== Your goal ==
Output all of the lines below exactly, and leave out each image.

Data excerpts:
***

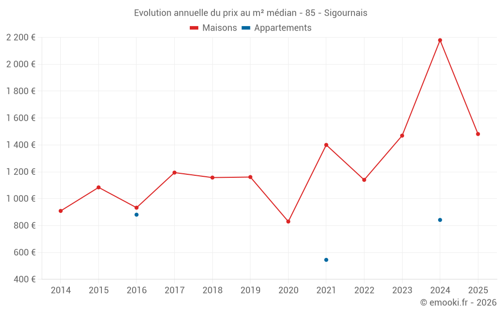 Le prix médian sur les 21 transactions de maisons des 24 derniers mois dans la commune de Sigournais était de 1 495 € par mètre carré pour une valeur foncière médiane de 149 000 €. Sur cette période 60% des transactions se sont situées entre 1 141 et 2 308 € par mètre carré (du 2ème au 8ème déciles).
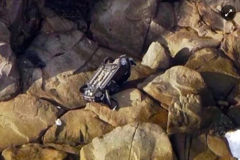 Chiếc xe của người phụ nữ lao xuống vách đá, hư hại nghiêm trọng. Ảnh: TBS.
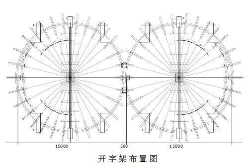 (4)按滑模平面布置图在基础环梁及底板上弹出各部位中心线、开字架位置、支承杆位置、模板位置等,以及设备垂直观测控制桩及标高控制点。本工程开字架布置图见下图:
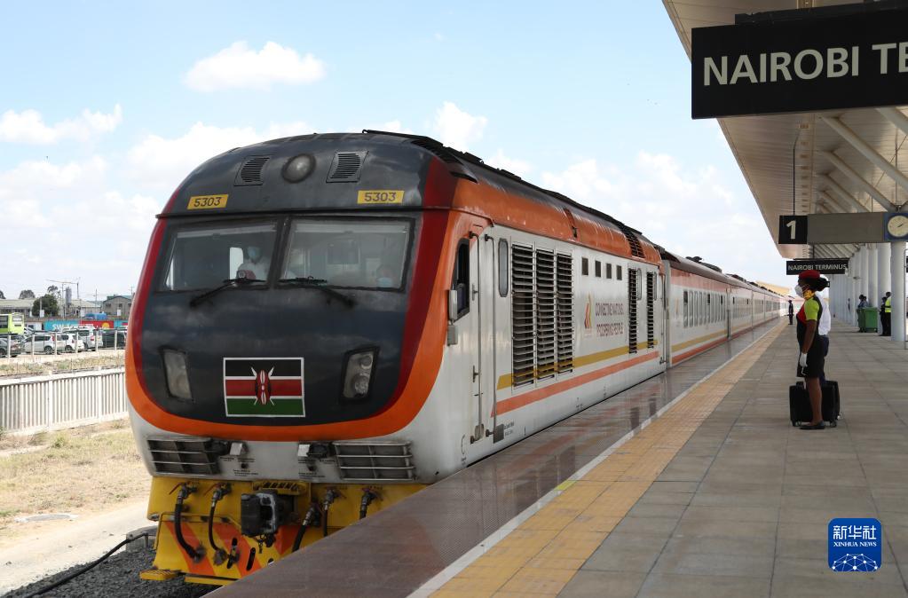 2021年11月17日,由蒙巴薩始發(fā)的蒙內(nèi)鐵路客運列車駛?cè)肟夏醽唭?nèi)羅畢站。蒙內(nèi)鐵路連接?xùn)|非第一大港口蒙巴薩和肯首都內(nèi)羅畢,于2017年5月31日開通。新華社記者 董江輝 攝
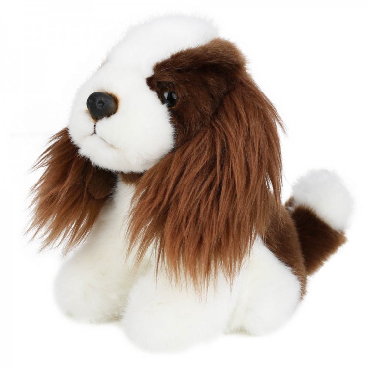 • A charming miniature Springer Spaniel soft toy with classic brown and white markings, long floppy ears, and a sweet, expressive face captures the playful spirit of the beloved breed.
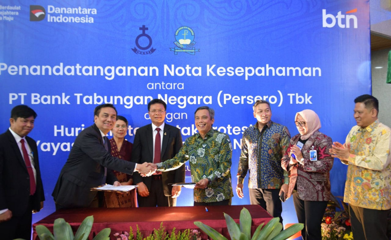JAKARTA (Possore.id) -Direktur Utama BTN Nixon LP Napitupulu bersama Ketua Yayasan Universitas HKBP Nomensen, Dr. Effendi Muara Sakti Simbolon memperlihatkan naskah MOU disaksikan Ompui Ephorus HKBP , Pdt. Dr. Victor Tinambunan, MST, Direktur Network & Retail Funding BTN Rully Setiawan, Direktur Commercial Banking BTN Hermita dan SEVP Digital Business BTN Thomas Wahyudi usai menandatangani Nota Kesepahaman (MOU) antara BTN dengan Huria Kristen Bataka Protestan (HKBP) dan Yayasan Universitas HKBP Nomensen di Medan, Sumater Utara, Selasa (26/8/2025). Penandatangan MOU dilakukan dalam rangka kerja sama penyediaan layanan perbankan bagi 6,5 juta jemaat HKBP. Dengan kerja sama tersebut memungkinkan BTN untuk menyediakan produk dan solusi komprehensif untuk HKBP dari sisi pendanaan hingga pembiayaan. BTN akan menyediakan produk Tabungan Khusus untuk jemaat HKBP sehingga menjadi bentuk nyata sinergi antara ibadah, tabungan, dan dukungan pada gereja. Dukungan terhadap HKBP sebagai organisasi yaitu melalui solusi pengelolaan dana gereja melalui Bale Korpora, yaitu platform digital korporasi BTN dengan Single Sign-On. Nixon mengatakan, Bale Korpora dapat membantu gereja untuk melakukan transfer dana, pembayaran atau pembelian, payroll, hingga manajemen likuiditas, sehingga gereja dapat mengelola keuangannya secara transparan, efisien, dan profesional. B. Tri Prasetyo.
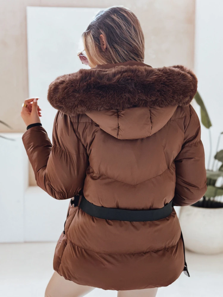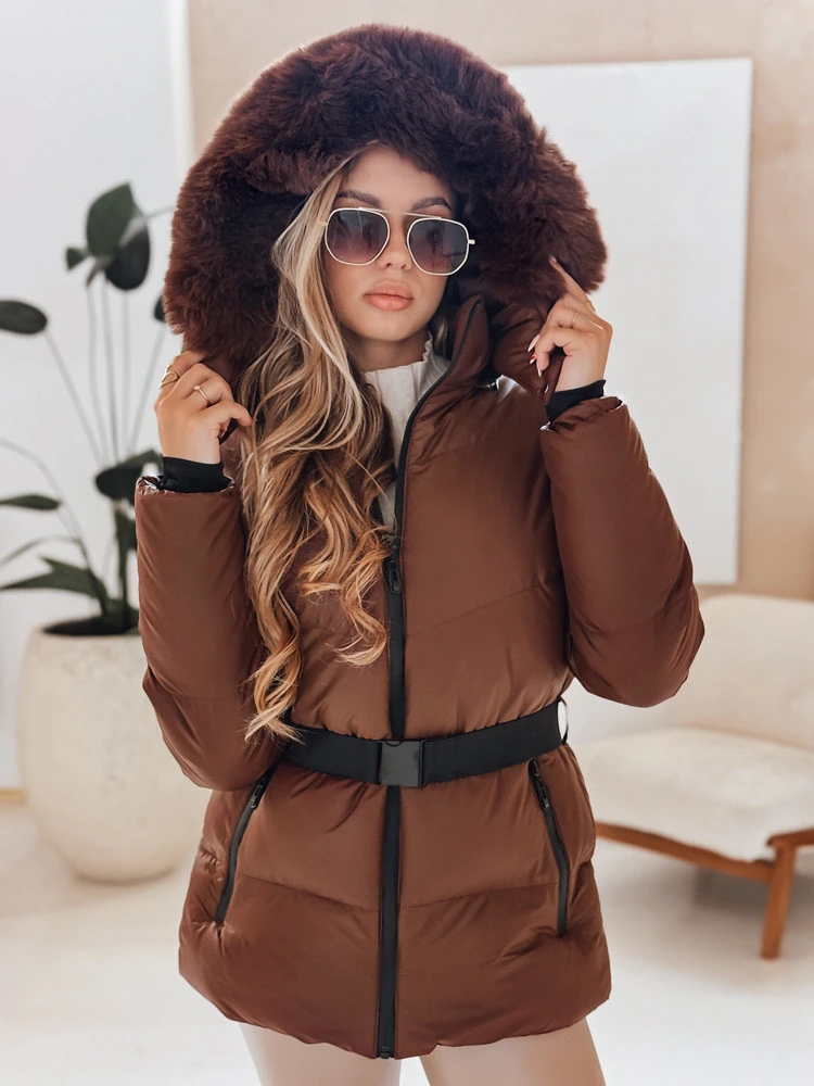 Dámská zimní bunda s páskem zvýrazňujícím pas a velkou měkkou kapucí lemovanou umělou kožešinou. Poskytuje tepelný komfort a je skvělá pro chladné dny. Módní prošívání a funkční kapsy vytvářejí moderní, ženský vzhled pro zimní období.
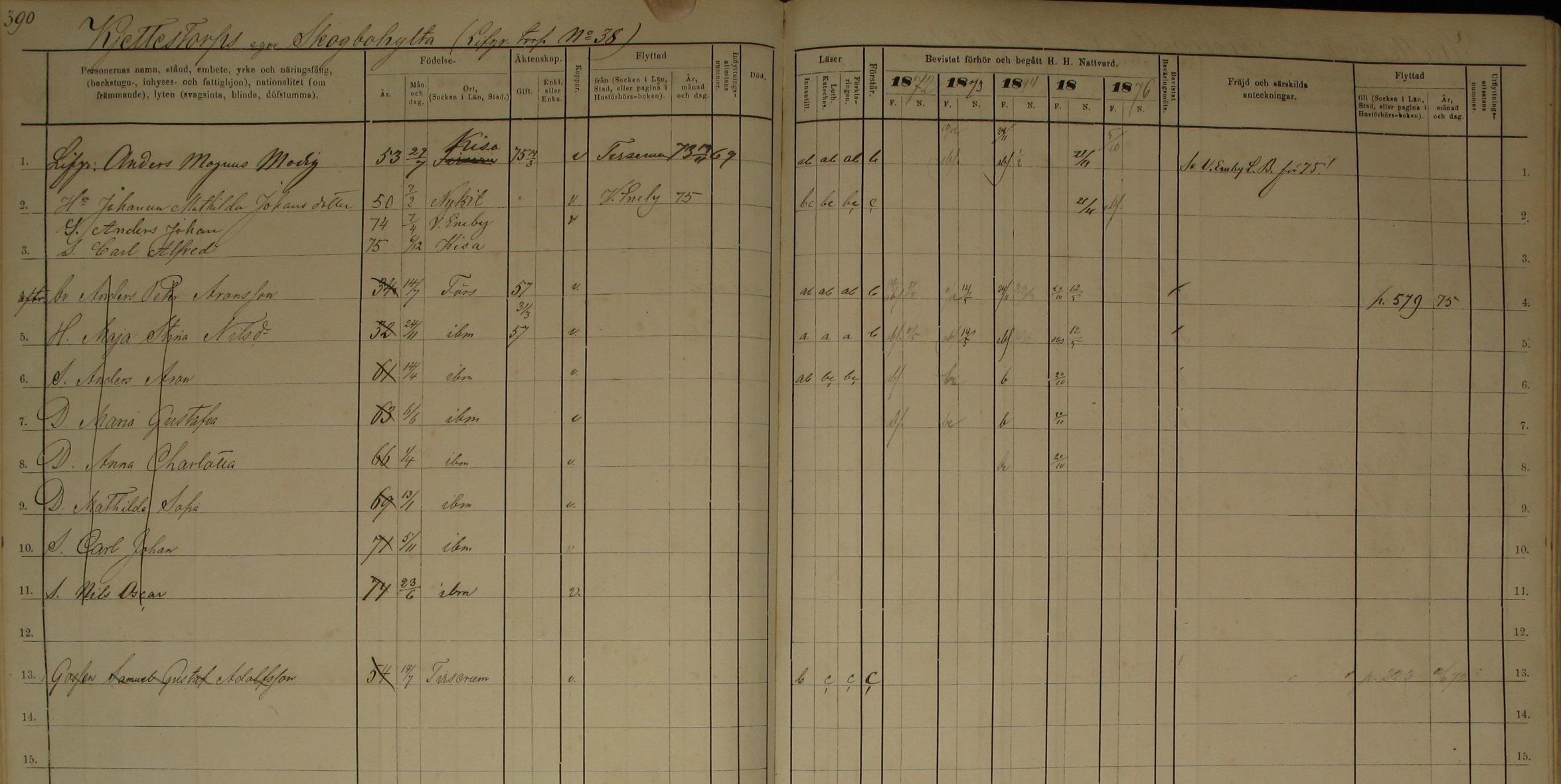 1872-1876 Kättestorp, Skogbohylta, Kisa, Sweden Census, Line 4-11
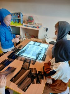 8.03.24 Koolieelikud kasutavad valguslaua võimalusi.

***

== Output of the task ==
 Le prix médian sur les 21 transactions de maisons des 24 derniers mois dans la commune de Sigournais était de 1 495 € par mètre carré pour une valeur foncière médiane de 149 000 €. Sur cette période 60% des transactions se sont situées entre 1 141 et 2 308 € par mètre carré (du 2ème au 8ème déciles).
 Chiếc xe của người phụ nữ lao xuống vách đá, hư hại nghiêm trọng. Ảnh: TBS.
 (4)按滑模平面布置图在基础环梁及底板上弹出各部位中心线、开字架位置、支承杆位置、模板位置等,以及设备垂直观测控制桩及标高控制点。本工程开字架布置图见下图:
 2021年11月17日,由蒙巴薩始發(fā)的蒙內(nèi)鐵路客運列車駛?cè)肟夏醽唭?nèi)羅畢站。蒙內(nèi)鐵路連接?xùn)|非第一大港口蒙巴薩和肯首都內(nèi)羅畢,于2017年5月31日開通。新華社記者 董江輝 攝
 • A charming miniature Springer Spaniel soft toy with classic brown and white markings, long floppy ears, and a sweet, expressive face captures the playful spirit of the beloved breed.
JAKARTA (Possore.id) -Direktur Utama BTN Nixon LP Napitupulu bersama Ketua Yayasan Universitas HKBP Nomensen, Dr. Effendi Muara Sakti Simbolon memperlihatkan naskah MOU disaksikan Ompui Ephorus HKBP , Pdt. Dr. Victor Tinambunan, MST, Direktur Network & Retail Funding BTN Rully Setiawan, Direktur Commercial Banking BTN Hermita dan SEVP Digital Business BTN Thomas Wahyudi usai menandatangani Nota Kesepahaman (MOU) antara BTN dengan Huria Kristen Bataka Protestan (HKBP) dan Yayasan Universitas HKBP Nomensen di Medan, Sumater Utara, Selasa (26/8/2025). Penandatangan MOU dilakukan dalam rangka kerja sama penyediaan layanan perbankan bagi 6,5 juta jemaat HKBP. Dengan kerja sama tersebut memungkinkan BTN untuk menyediakan produk dan solusi komprehensif untuk HKBP dari sisi pendanaan hingga pembiayaan. BTN akan menyediakan produk Tabungan Khusus untuk jemaat HKBP sehingga menjadi bentuk nyata sinergi antara ibadah, tabungan, dan dukungan pada gereja. Dukungan terhadap HKBP sebagai organisasi yaitu melalui solusi pengelolaan dana gereja melalui Bale Korpora, yaitu platform digital korporasi BTN dengan Single Sign-On. Nixon mengatakan, Bale Korpora dapat membantu gereja untuk melakukan transfer dana, pembayaran atau pembelian, payroll, hingga manajemen likuiditas, sehingga gereja dapat mengelola keuangannya secara transparan, efisien, dan profesional. B. Tri Prasetyo.
 Dámská zimní bunda s páskem zvýrazňujícím pas a velkou měkkou kapucí lemovanou umělou kožešinou. Poskytuje tepelný komfort a je skvělá pro chladné dny. Módní prošívání a funkční kapsy vytvářejí moderní, ženský vzhled pro zimní období.
 1872-1876 Kättestorp, Skogbohylta, Kisa, Sweden Census, Line 4-11
 8.03.24 Koolieelikud kasutavad valguslaua võimalusi.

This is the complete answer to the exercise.